● **WORK TASK**: The required output is the exact text of the lines from the line containing "アメリカ ヘインズ フルーツオブザルーム" through the final line below, inclusive, without pictures.

_ _ _ _ _

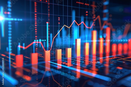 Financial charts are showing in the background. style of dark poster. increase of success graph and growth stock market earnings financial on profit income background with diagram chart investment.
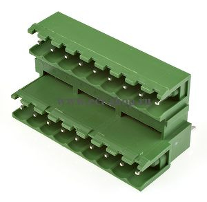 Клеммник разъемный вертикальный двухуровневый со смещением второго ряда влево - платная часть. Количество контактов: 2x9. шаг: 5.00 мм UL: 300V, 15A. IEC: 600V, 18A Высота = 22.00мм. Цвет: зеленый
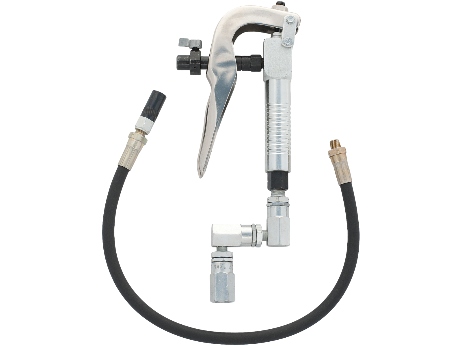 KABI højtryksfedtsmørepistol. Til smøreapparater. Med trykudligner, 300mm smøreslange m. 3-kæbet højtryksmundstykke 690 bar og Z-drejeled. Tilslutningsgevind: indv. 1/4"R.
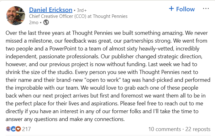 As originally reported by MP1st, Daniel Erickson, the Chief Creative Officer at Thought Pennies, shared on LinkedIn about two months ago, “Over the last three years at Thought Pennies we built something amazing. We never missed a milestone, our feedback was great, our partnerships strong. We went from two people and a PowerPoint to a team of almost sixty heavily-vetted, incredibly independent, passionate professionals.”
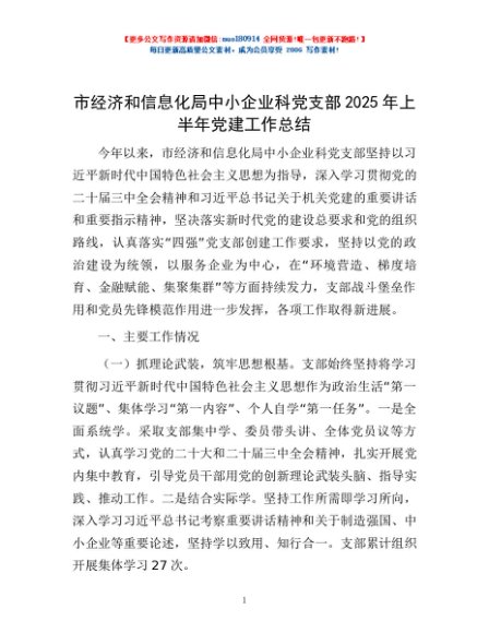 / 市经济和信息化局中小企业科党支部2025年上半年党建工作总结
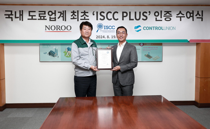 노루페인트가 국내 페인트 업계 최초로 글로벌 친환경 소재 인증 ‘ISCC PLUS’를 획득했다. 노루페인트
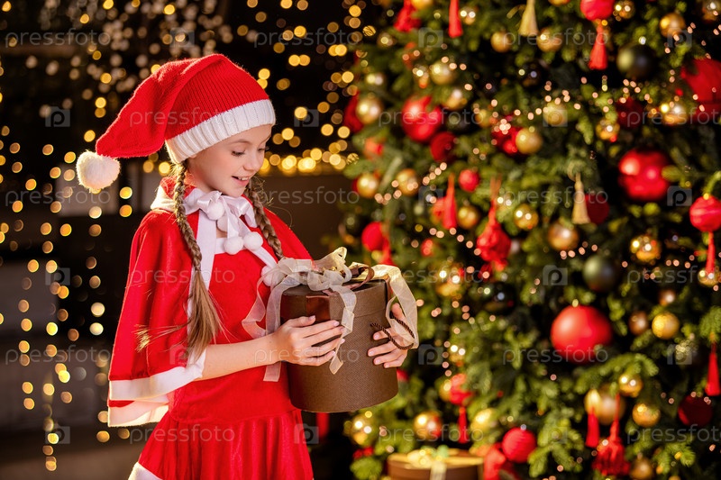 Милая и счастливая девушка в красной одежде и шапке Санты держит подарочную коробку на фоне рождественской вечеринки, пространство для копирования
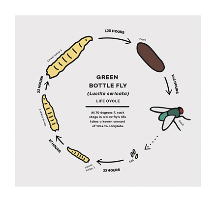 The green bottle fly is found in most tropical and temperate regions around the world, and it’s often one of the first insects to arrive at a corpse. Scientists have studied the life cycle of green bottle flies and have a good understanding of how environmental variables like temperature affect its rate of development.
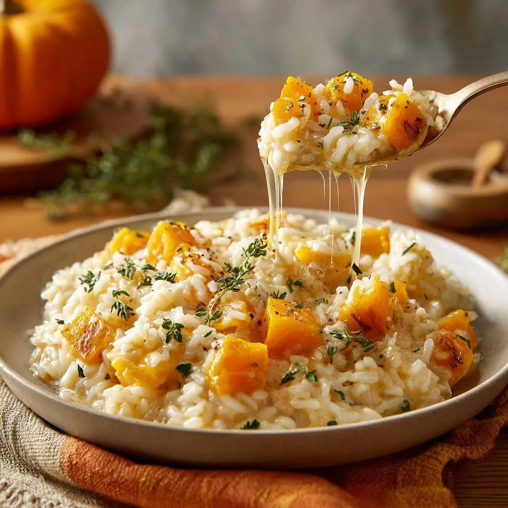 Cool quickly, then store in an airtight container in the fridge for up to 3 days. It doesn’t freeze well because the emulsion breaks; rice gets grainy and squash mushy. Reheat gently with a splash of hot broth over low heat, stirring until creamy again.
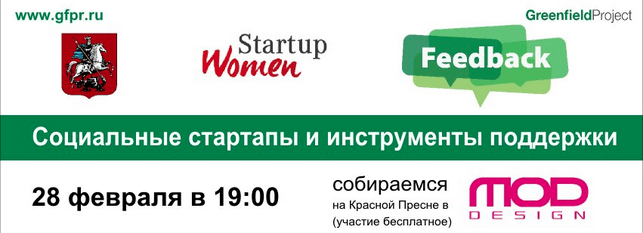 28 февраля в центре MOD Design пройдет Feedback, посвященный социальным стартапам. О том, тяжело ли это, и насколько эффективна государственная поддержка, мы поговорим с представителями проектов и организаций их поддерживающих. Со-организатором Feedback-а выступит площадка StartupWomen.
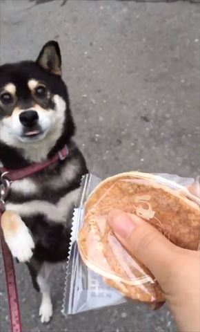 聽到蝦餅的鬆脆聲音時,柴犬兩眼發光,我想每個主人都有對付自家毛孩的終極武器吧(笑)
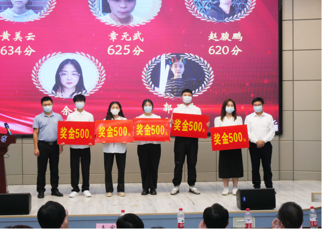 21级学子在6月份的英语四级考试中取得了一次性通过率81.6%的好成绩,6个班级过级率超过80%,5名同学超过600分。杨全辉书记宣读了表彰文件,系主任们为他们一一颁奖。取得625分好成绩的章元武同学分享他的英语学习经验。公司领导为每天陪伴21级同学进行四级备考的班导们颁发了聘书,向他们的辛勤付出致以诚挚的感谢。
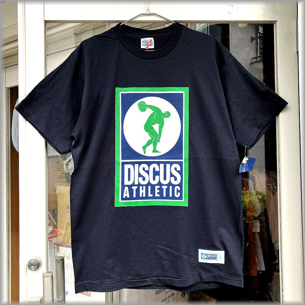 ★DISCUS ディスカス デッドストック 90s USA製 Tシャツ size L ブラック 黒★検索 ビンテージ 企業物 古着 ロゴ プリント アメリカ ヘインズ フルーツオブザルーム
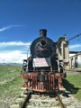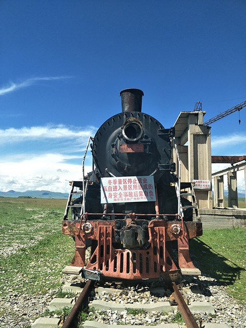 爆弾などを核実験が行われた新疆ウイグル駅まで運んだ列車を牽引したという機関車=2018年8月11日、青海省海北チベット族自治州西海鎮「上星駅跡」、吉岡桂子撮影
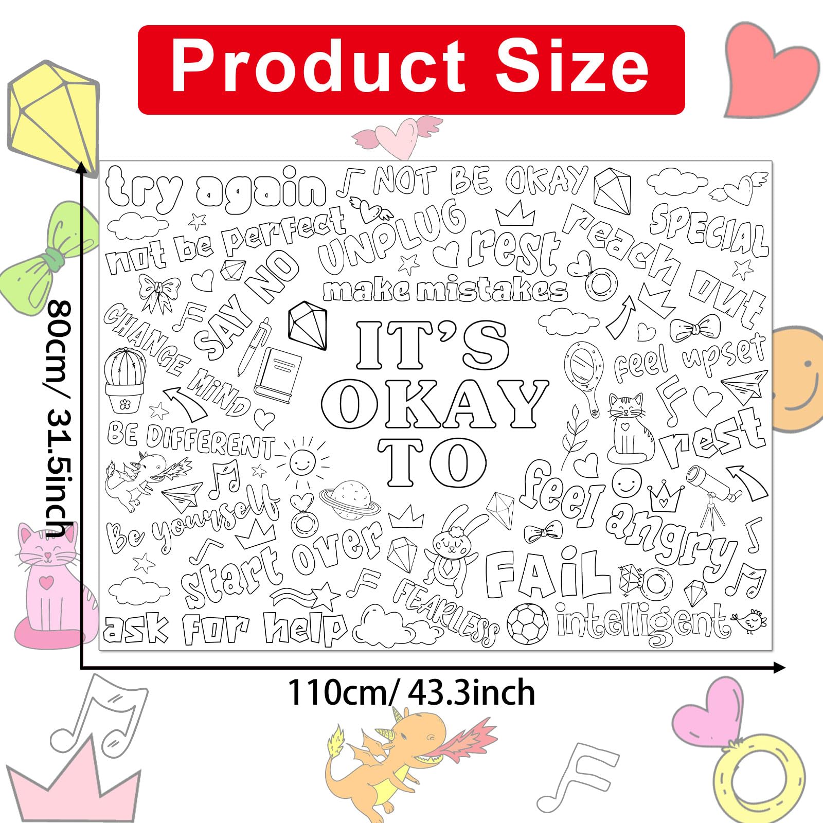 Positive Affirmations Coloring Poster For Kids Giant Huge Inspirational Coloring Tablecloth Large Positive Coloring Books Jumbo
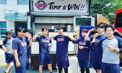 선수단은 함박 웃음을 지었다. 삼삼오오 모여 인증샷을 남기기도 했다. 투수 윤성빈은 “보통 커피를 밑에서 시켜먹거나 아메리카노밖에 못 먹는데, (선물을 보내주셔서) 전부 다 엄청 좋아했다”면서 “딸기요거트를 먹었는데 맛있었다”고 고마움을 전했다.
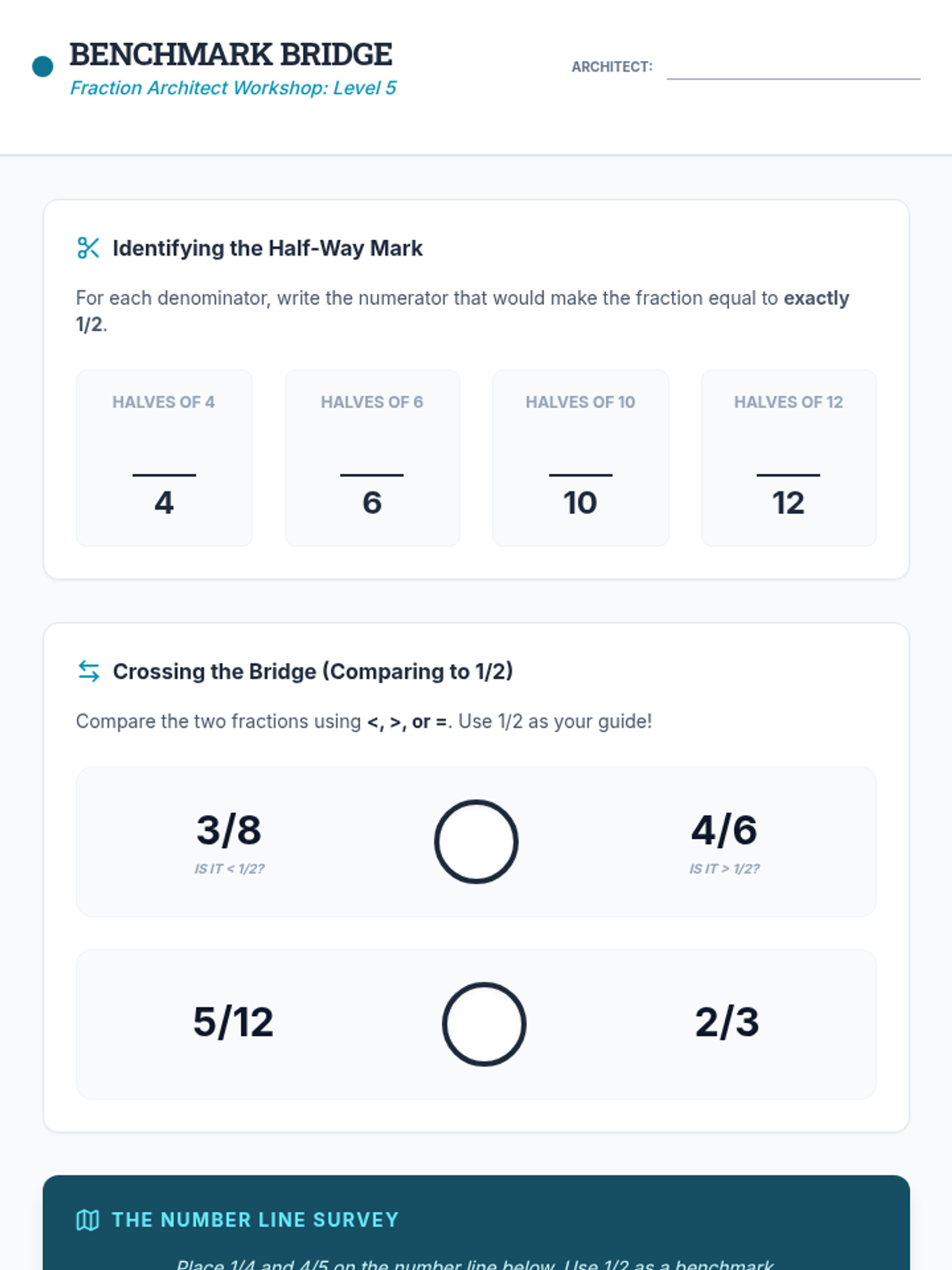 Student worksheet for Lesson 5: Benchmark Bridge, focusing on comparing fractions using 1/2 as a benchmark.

_ _ _ _ _

● **WRITTEN SOLUTION**:
 ★DISCUS ディスカス デッドストック 90s USA製 Tシャツ size L ブラック 黒★検索 ビンテージ 企業物 古着 ロゴ プリント アメリカ ヘインズ フルーツオブザルーム
 爆弾などを核実験が行われた新疆ウイグル駅まで運んだ列車を牽引したという機関車=2018年8月11日、青海省海北チベット族自治州西海鎮「上星駅跡」、吉岡桂子撮影
 Positive Affirmations Coloring Poster For Kids Giant Huge Inspirational Coloring Tablecloth Large Positive Coloring Books Jumbo
 선수단은 함박 웃음을 지었다. 삼삼오오 모여 인증샷을 남기기도 했다. 투수 윤성빈은 “보통 커피를 밑에서 시켜먹거나 아메리카노밖에 못 먹는데, (선물을 보내주셔서) 전부 다 엄청 좋아했다”면서 “딸기요거트를 먹었는데 맛있었다”고 고마움을 전했다.
 Student worksheet for Lesson 5: Benchmark Bridge, focusing on comparing fractions using 1/2 as a benchmark.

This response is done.